Saturday, September 22, 2007

“Mahz-n-Wawdzzz”

The Keed.
The vaunted Bloomfield water-tower (pictured) is being painted
It’s a standard water-tower; a large vessel on six braced columns, about 125-150 feet high — made of steel.
A similar design stands guard in De Land, Floridy, over Linda’s mother’s retirement-center, although it’s taller.
I visited the site last week (probably Wednesday, September 19, 2007), because it’s interesting to me.
I encountered a humble hourly grinding steel angle-irons down to bare metal. They were on the ground, and not a part of the water-tower.
“I used to do this sort of work,” I said; “although in the middle ‘60s, and all the water-towers we painted were golfballs.”
“We painted a golfball down by the Jersey seashore, and it was the neatest job we ever did.”
“It had just been built, so we were sandblasting off the scale, primed it, and finish-coat. —That included inside the vessel.”
“We started another in Baltimore, and that one was rather unfriendly at 175 feet. This one at the seashore was only 125 feet.”
“We did it with a single air-powered spider. I see you’ve erected scaffolding all around this thing” (see picture).
“We have to contain it,” he said; “concern for the environment.”
Before doing anything at all, they have to contain the entire water-tower in a gigantic cylindrical plastic tarp, including a roof.
“Yeah; I remember about 75% of our spray blew away.” I said.
“Well, we also have to worry about our sand,” he said.
“Ya mean you’re sandblastin’ this thing?” I asked.
He pointed to a gigantical blaster-vessel that had been towed in on a flatbed behind a giant Mack truck-tractor.
“We’ll have two,” he said. “They hold 9,000 pounds of sand each.”
“Holy mackerel!” I said. “At the seashore we had a single three-bag blaster that held three 100-pound sandbags (300 pounds total). It was pushed by a small Schramm air-compressor that generated 125 cubic-feet per minute. I loaded the blaster — by hand — and ran everything.”
“The largest sandblasting outfit I ever saw was four six-bag blasters pushed by a gigantic 650 cubic-feet per minute Schramm. I loaded them things too, all by hand, and ran that monster.”
“Well, a 650 is just a tinker-toy compared to what we got,” he said.
“To me it was a monster,” I said. “It had a giant 8-71 Detroit Diesel bus-engine, engaged by a giant four-foot steel lever. I had to stand back just startin’ that thing. Similar blower to what was on Big-Daddy’s fuel-dragster.”
“Git to work, you lazy layabout,” shouted someone from high above.
Just like the Mahz-n-Wawdzzz painter-crew — really great guys, and very conscientious.
The hourly called his boss on his cellphone: “Somebody wants to visit, but seems very interested, and sounds like he used to do work like this.......”

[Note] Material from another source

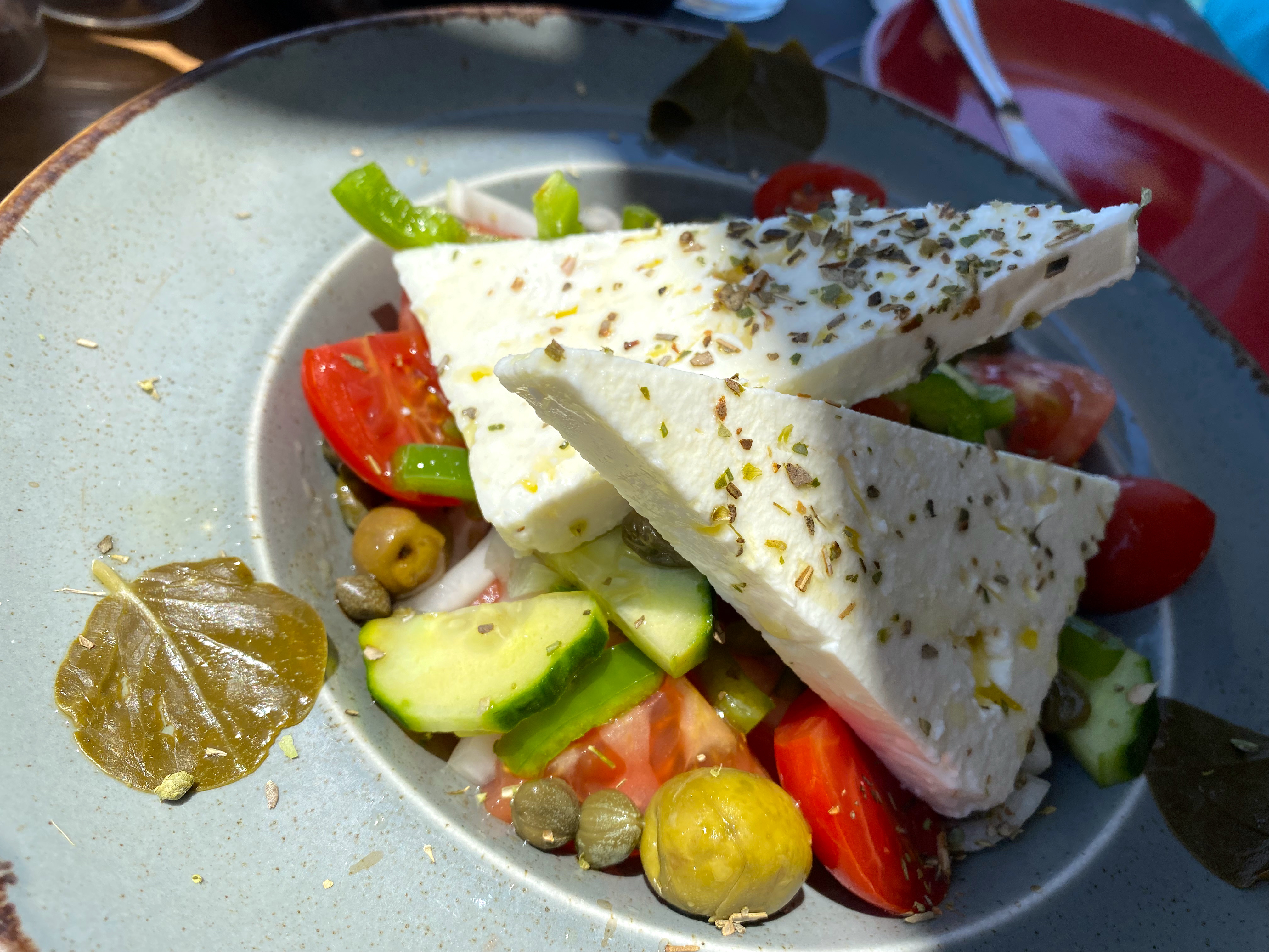 We began with their traditional Greek salad, which has tomato, cucumber, olives, onion, green peppers, feta cheese, capers, caper leaves, oregano, vinegar drops and olive oil.

  • “Mahz-n-Wawdzzz” (Myers & Watters) is the painting-contractor I worked for during college. We mainly painted high-steel; especially in oil-refineries. “Mahz-n-Wawdzzz” is how our Greek supervisor pronounced it.
  • “Linda” is my wife. Her 91-year-old mother lives in a retirement-center in De Land, Floridy; under “the shadow of the mighty De Land water-tower.”
  • A “golfball” is a water-tower on a single central leg. It looks like a golfball on a tee.